Unless you’re, say, the National Press Club of South Africa, there would be no doubt that the Marikana massacre was the biggest news event of last year. In a previous post, I reported that the sociologist Peter Alexander considers the massacre one of the turning points in South African history. This week it was announced that City Press won a Sikuvile award for SA Story of the Year for its coverage of the Marikana massacre. This is indeed well-deserved. Their feature ‘The Faces of Marikana’ was one of the few mainstream stories that went beyond mere reporting of the conflict to speak to families of the victims, listening to their stories and treating them with dignity as human beings and not just as statistics of the dead. City Press’ coverage went beyond the pack journalism that characterized much of the reporting on Marikana, where elite sources were privileged above the voices of ordinary people. This is an example not only of the ‘ethics of listening’ that I wish more SA media would follow, but also an excellent example of how print publications can use the converged media space to their advantage.

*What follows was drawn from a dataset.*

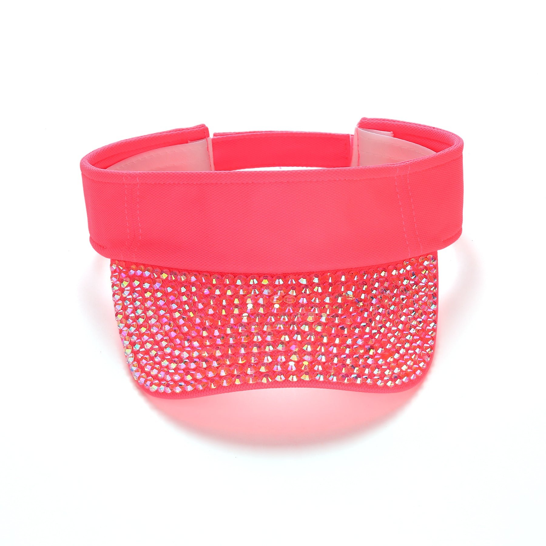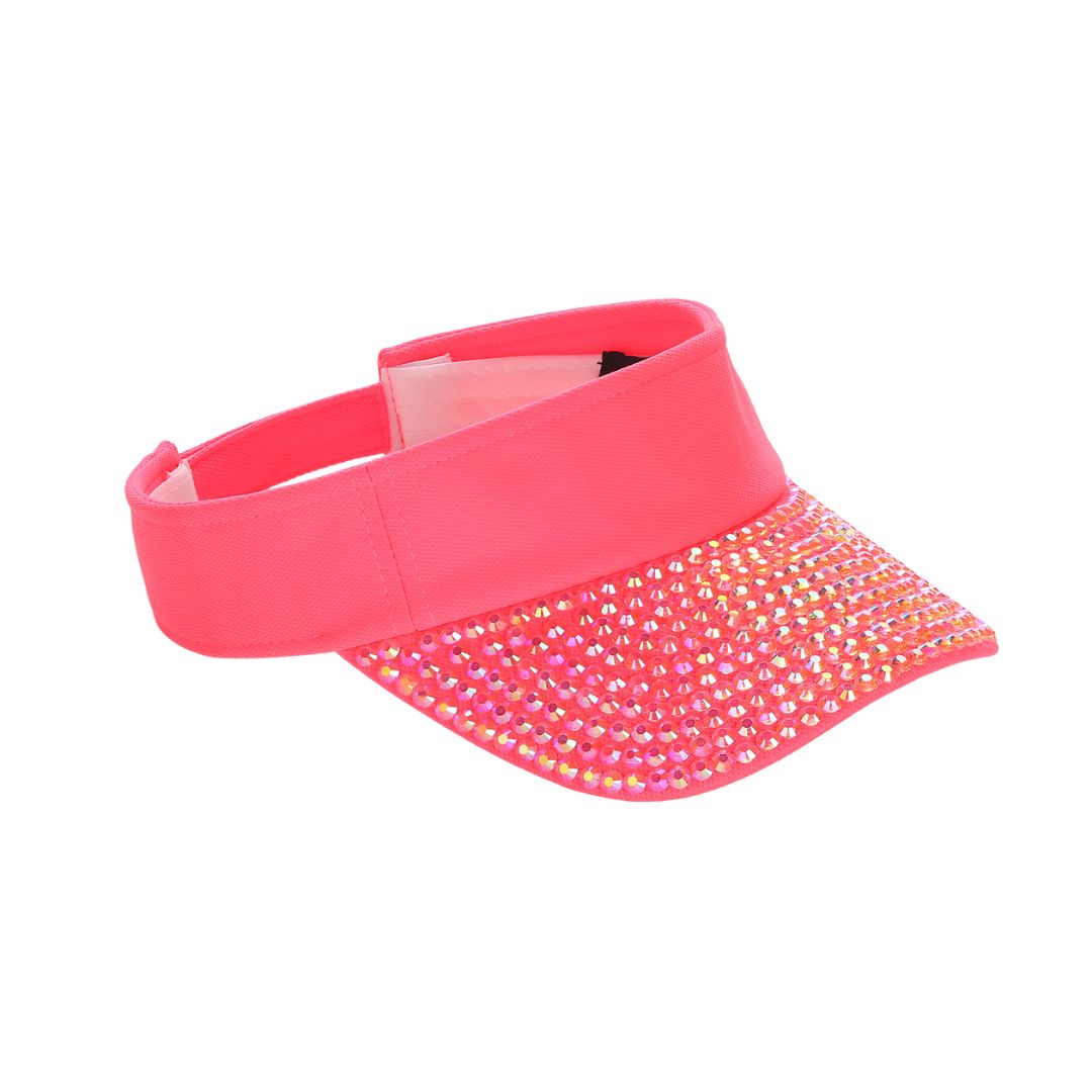 Introducing the Stacy Visor: The ultimate accessory for those who shine bright. This visor combines a clean, crisp salmon band with a dazzlingly vibrant crystal-adorned brim, offering both impeccable style and essential sun protection. The high-quality crystals catch and reflect light from every angle, making it a perfect choice for outdoor sports, leisurely walks, or any sunny day occasion where you want to make a sparkling impression. Adjustable for comfort, the Stacy Visor is a must-have for those who love to blend practicality with a splash of glamour.
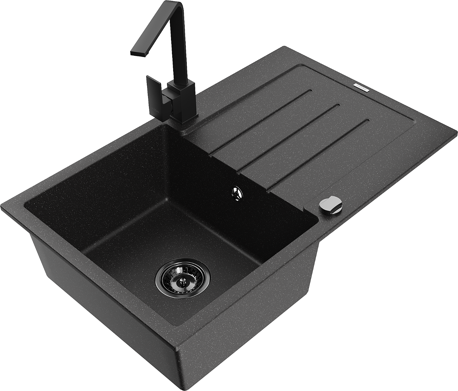 Mexen Bruno granitový dřez s 1 komorou a odkapávačem a kuchyňskou baterií Rita, černý/stříbrný metalík - 6513-73-670300-70-B

It’s a pity that Greg Marinovich’s reporting for Daily Maverick was not eligible for entry into the awards this year. His contribution shifted the debate about Marikana and set the tone for many to follow. Print and Digital Media SA, under whose auspices the prizes are awarded, confirmed that because they only recently extended their coverage include digital media as well as print (they do still ghettoize tabloid newspapers in a category of their own, though), they did not consider websites like the Daily Maverick this year. Their rules for eligibility are however under review.
In the meanwhile, kudos to City Press for carrying the day at this year’s awards.